Gold Shipments Return to Switzerland Following Exemption from U.S. Tariffs
LONDON - Recent data indicates a significant shift in gold trade dynamics, as gold that had been transported to New York is now being sent back to Switzerland. This reversal comes in the wake of the recent exemption of gold from U.S. tariffs imposed by the Trump administration, which had prompted traders to move gold as a precaution.
Official Swiss customs statistics released on Thursday revealed that gold imports from the United States surged to 25.5 metric tons in March, marking a thirteen-month high, up from 12.1 tons in February. Conversely, gold exports from Switzerland to the U.S. experienced a notable decrease of 32% month-on-month, totaling 103.2 tons.
Moreover, data from Comex, part of the CME Group, shows that U.S. warehouses have witnessed eight consecutive days of gold outflows for the first time in fourteen months. This trend aligns with the unwinding of the U.S. futures premium, following significant disruptions in the market.
During the period from December to March, gold, silver, and platinum valued at over $80 billion were delivered to Comex warehouses, resulting in heightened activity for logistics companies and Swiss refineries. However, the urgency to transport gold and silver to New York has diminished since the recent tariff exemptions were announced, leading to a gradual return of shipments to Switzerland.

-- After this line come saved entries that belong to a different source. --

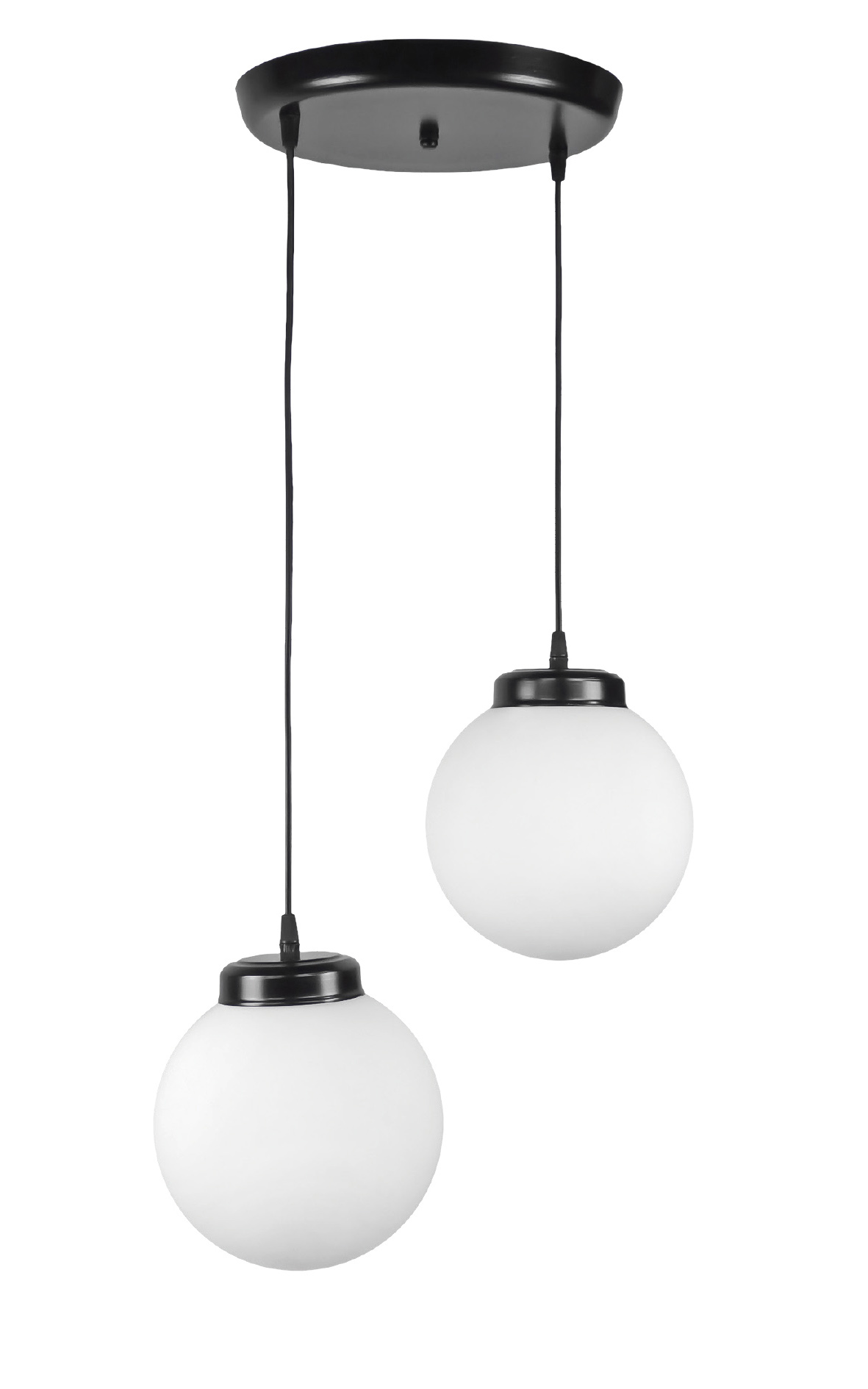 Οροφής φωτιστικό ανισόπεδο 2φωτο με μπάλες γυάλινες σε χρώμα λευκό και σκελετό μαύρο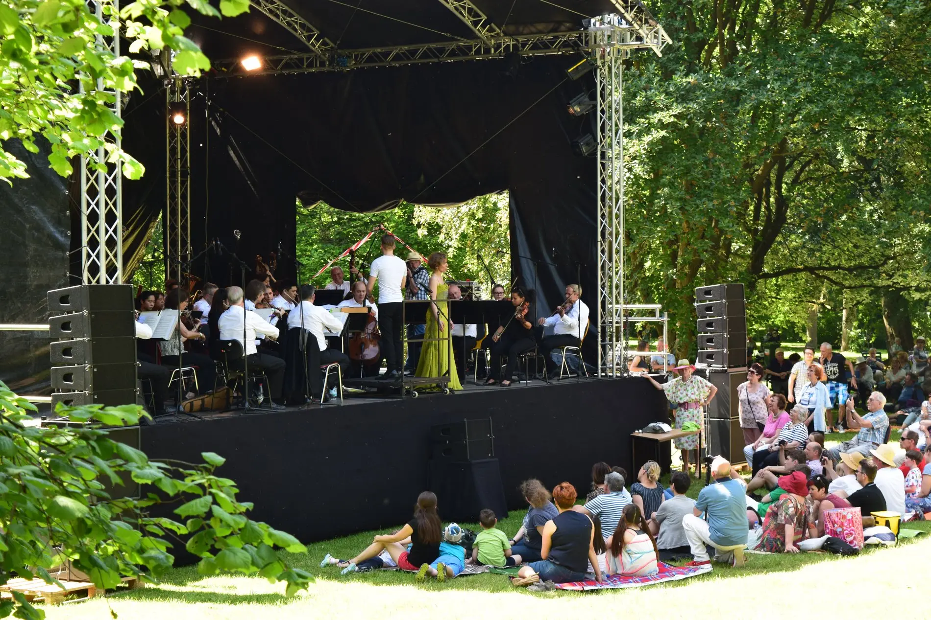 Die große Sonnenwiese direkt vor der Bühne – sie bleibt leer. So spielt das Braunschweiger Staatsorchester ungewohnt weit weg von seinem Publikum. Über mangelndes Interesse kann sich das routinierte Orchester allerdings nicht beschweren: Über 1.000 Klassikfreunde und Picknick-Begeisterte zieht es auf Einladung des Vereins Braunschweigische Landschaft am 2. Juni in die Salzstadt.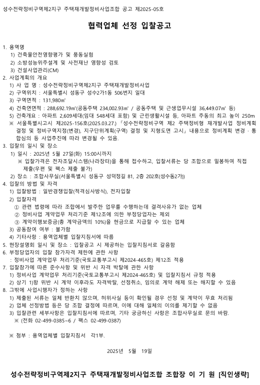성수2 건설사업관리(CM) 협력업체 선정 입찰공고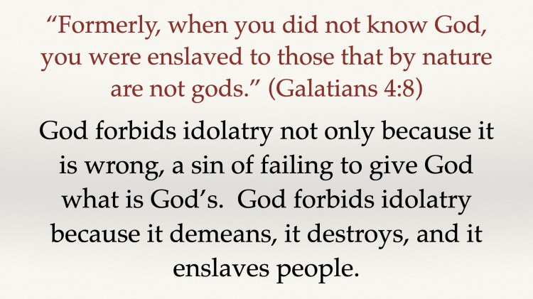 “8 Formerly, when you did not know God, you were enslaved to those that by nature are not gods.” Paul is speaking about the enslavement that happens under idolatry. The bondage of idolatry is a crucial understanding found in all of scripture. God forbids idolatry not only because it is wrong, a sin of failing to give God what is God’s. God forbids idolatry because it demeans, it destroys, and it enslaves people.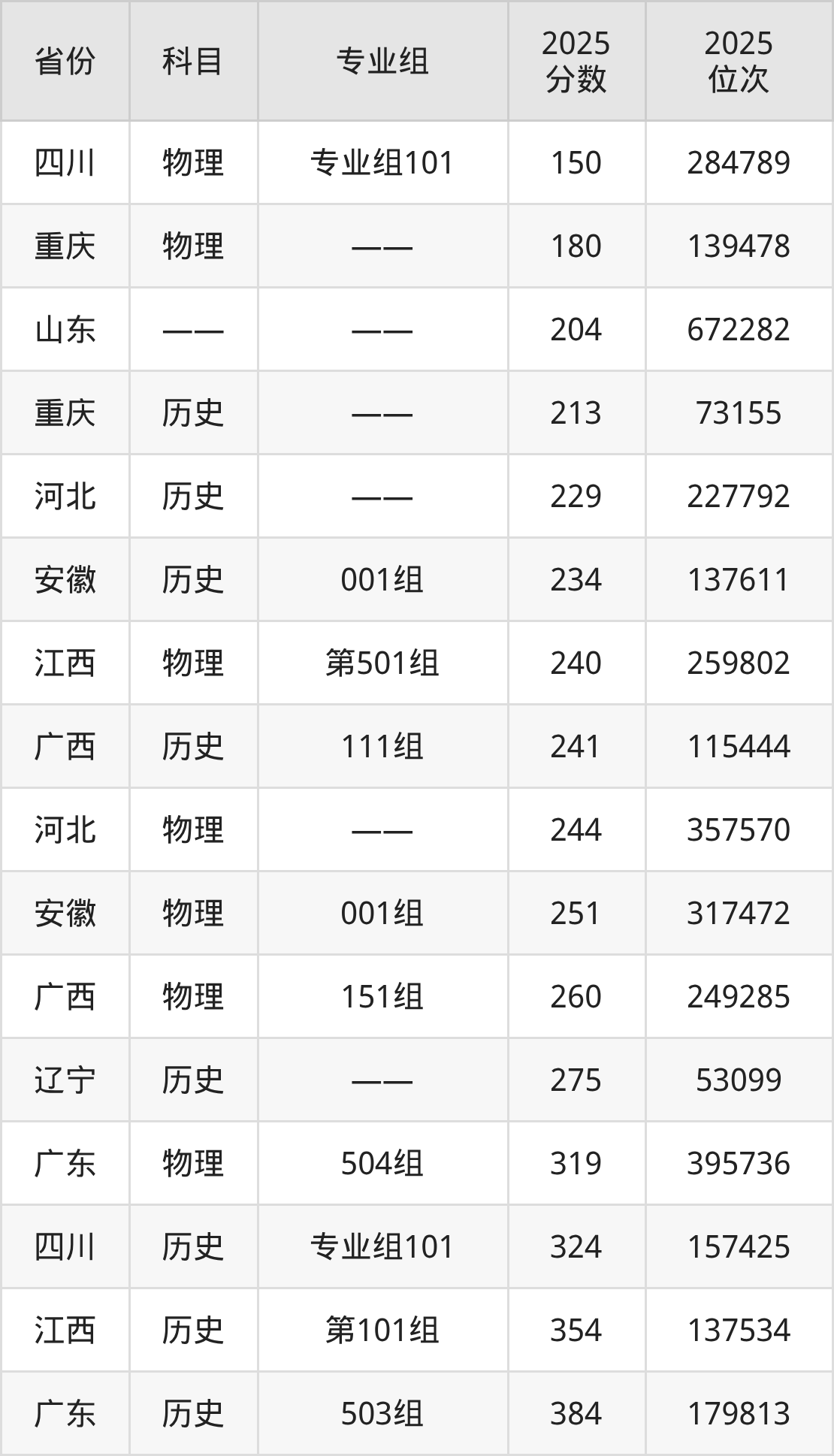 历史类:2025年北海康养职业学院录取最低分是213分(重庆),对应的位次排名是73155名。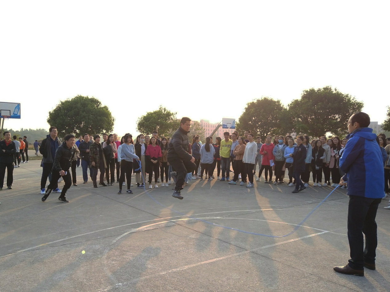 此次趣味运动会分为三个环节:3分钟十人八字跳、拔河和趣味活动,其中趣味活动包含无敌风火轮、五人四足、师生篮球赛三个项目进行。这些项目在设置上兼具竞技性和趣味性,在智力和体力的较量中,在沟通与合作的交融中,让老师们和同学们在挥洒汗水的同时又能享受运动的无穷乐趣,潜移默化间增强师生之间的互动交流,加强师生情感。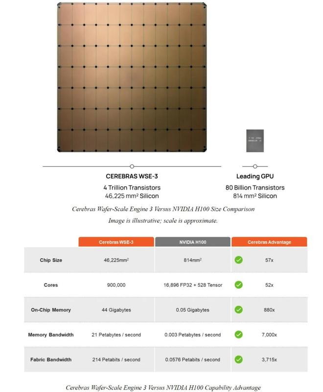2024年3月,Cerebras通过推出Wafer Scale Engine 3,基于5nm、拥有4万亿个晶体管的 WSE-3 专为训练业界最大的AI模型而打造,为Cerebras CS-3 AI超级计算机提供动力,通过900,000 个 AI 优化计算核心提供125 petaflops的峰值AI性能。

As of now, U.S. Comex gold stocks have decreased by 1.5 million troy ounces, equivalent to approximately $4.8 billion, bringing the total down to 43.6 million ounces (1,357 metric tons) from a peak of 45.1 million ounces recorded on April 4. This increase in gold stocks in the U.S. began following the reelection of Trump in November, when inventories rose from 17.1 million ounces.
Industry sources have indicated that a portion of the gold being withdrawn from U.S. vaults is returning to Switzerland, recognized as the largest refining and transit hub for bullion globally. However, the current outflow from the U.S. is expected to be modest as the gold reserves in American vaults continue to act as a hedge amid ongoing market uncertainties.
Typically, the U.S. consumes around 115 tons of gold annually in physical coins and bars. The remaining kilobars stored in CME-registered warehouses are projected to meet this segment's demand for nearly twelve years, according to independent analysts. This situation underscores the current robustness of logistics and refining operations in the gold market.